Autonomous agents that execute human tasks by controlling computers can enhance human productivity and application accessibility. However, progress in this field will be driven by realistic and reproducible benchmarks. We present AndroidWorld, a fully functional Android environment that provides reward signals for 116 programmatic tasks across 20 real-world Android apps. Unlike existing interactive environments, which provide a static test set, AndroidWorld dynamically constructs tasks that are parameterized and expressed in natural language in unlimited ways, thus enabling testing on a much larger and more realistic suite of tasks. To ensure reproducibility, each task includes dedicated initialization, success-checking, and tear-down logic, which modifies and inspects the device's system state. We experiment with baseline agents to test AndroidWorld and provide initial results on the benchmark. Our best agent can complete 30.6% of AndroidWorld's tasks, leaving ample room for future work. Furthermore, we adapt a popular desktop web agent to work on Android, which we find to be less effective on mobile, suggesting future research is needed to achieve universal, cross-platform agents. Finally, we also conduct a robustness analysis, showing that task variations can significantly affect agent performance, demonstrating that without such testing, agent performance metrics may not fully reflect practical challenges. AndroidWorld and the experiments in this paper are available at github.com/google-research/android_world.

FAQ

Common questions about the MobileMiniWob++_SR benchmark and leaderboard.

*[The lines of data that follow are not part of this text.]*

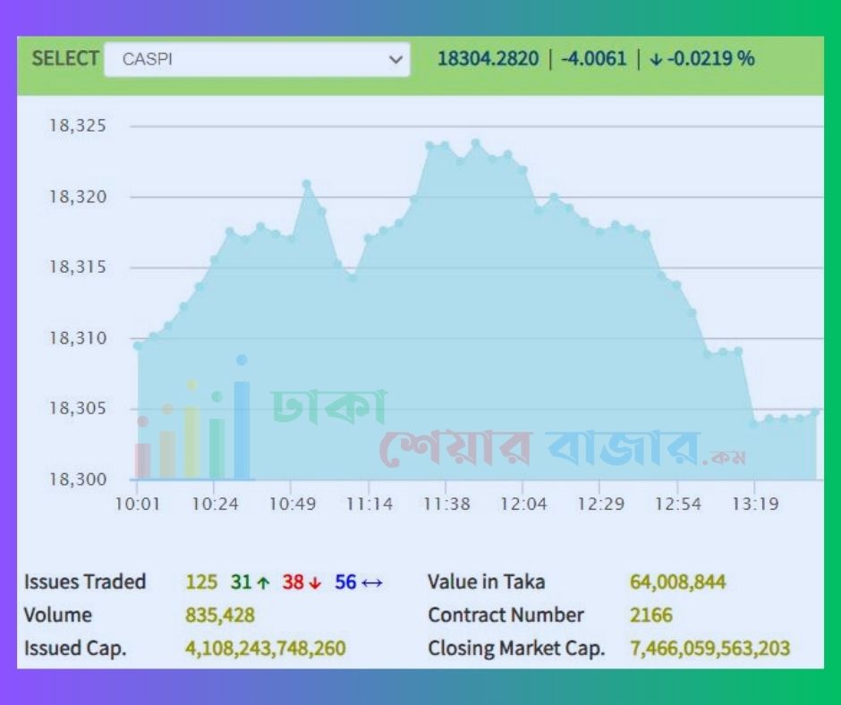 অপরদিকে দেশের ২য় শেয়ার বাজার চট্টগ্রাম স্টক এক্সচেঞ্জের (সিএসই) সূচক শুরুতে ইতিবাচক ধারাতে থাকলেও দিনশেষে নেতিবাচক ধারাতে লেনদেন শেষ হয়েছে। আজ সিএসই সার্বিক সূচক সিএএসপিআই ৩.৫৩ পয়েন্ট কমে সূচক অবস্থান করছে ১৮৩০৪.৭৫ পয়েন্টে।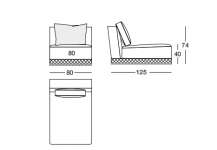 WELLES 80х125 см LONGHI Центральная секция дивана с двойной глубиной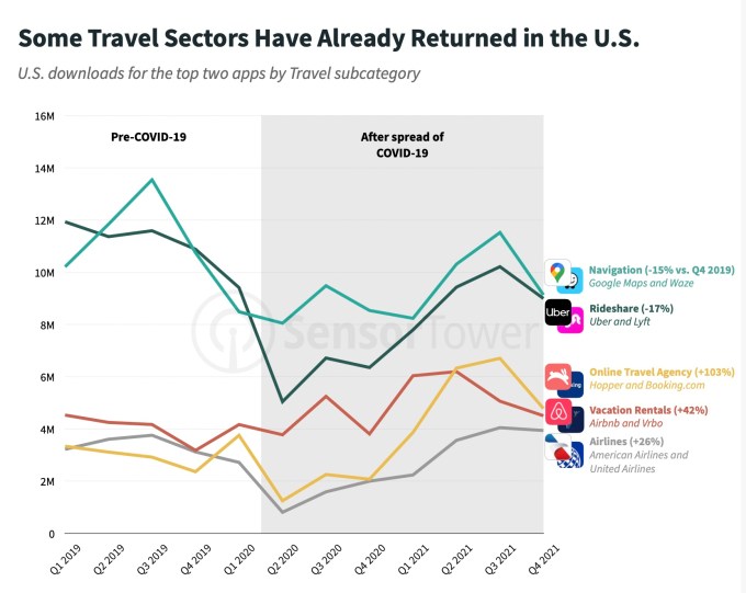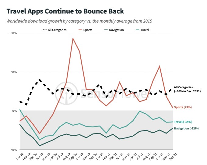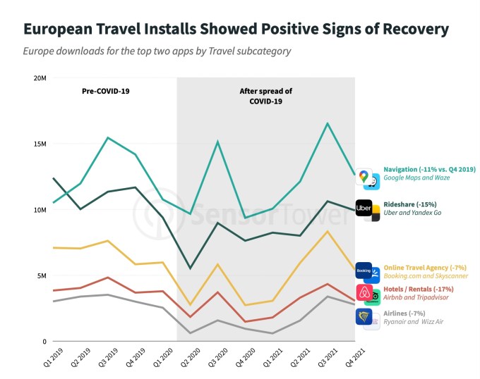 It’s clear the travel category, as a whole, still lives and dies by COVID’s ebbs and surges. As things began looking up in the summer months, for example, travel apps started to see a return to growth. And by the peak of summer travel in July 2021, travel apps had nearly reached their 2019 average, Sensor Tower said. But as the Omicron variant emerged, travel apps saw those gains start to subside. As of December 2021, travel apps were again down by 14% compared with 2019 levels, while navigation apps were down by 22%.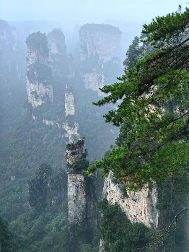 别在晴天去袁家界,那里是旅行团的天下。选个雨后的清晨去杨家界,雾气还缠绕在山腰,那些石峰像悬浮的岛屿。金鞭溪的猴子认得人,安静坐着它们就围过来,眼神机灵,比任何雕塑都生动。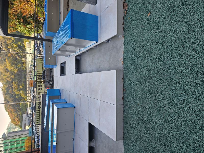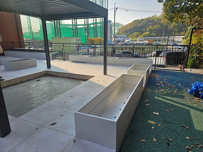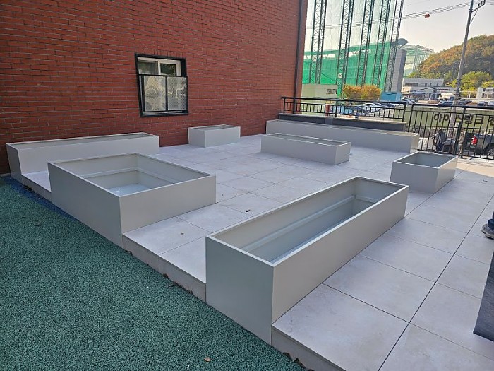 구로현장은 플랜트박스 자리를 제외한 곳에 페데스탈 타일시공하여 철제플랜트박스를 설치하였습니다.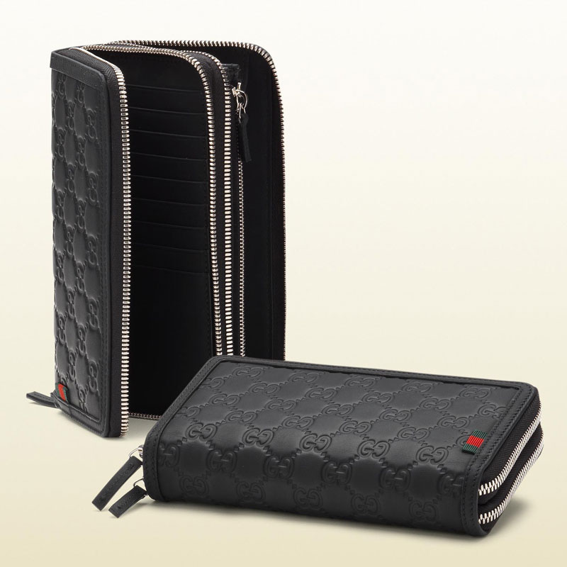 Gucci rubber guccissima leather double zip around wallet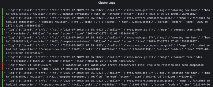 Once we login into the dashboard we will see the auto-configured Loki datasource. We can use it to get the latest logs from the Kubernetes cluster:

What is the MobileMiniWob++_SR benchmark?

MobileMiniWob++ SR (Success Rate) is an adaptation of the MiniWob++ web interaction benchmark for mobile Android environments within AndroidWorld. It comprises 92 web interaction tasks adapted for touch-based mobile interfaces, evaluating agents' ability to navigate and interact with web applications on mobile devices.

What is the MobileMiniWob++_SR leaderboard?

The MobileMiniWob++_SR leaderboard ranks 2 AI models based on their performance on this benchmark. Currently, Qwen2.5 VL 7B Instruct by Alibaba Cloud / Qwen Team leads with a score of 0.914. The average score across all models is 0.797.

What is the highest MobileMiniWob++_SR score?

The highest MobileMiniWob++_SR score is 0.914, achieved by Qwen2.5 VL 7B Instruct from Alibaba Cloud / Qwen Team.

How many models are evaluated on MobileMiniWob++_SR?

2 models have been evaluated on the MobileMiniWob++_SR benchmark, with 0 verified results and 2 self-reported results.

Where can I find the MobileMiniWob++_SR paper?

The MobileMiniWob++_SR paper is available at https://arxiv.org/abs/2405.14573. The paper details the methodology, dataset construction, and evaluation criteria.

What categories does MobileMiniWob++_SR cover?

MobileMiniWob++_SR is categorized under multimodal, frontend development, and agents. The benchmark evaluates multimodal models.

What is the best open-source model on MobileMiniWob++_SR?

Qwen2.5 VL 7B Instruct by Alibaba Cloud / Qwen Team is the top-ranked open-source model on MobileMiniWob++_SR, with a score of 0.914 (rank #1).

How recent are the MobileMiniWob++_SR leaderboard results?

The MobileMiniWob++_SR leaderboard was last updated in July 2026 and currently includes 2 evaluated models.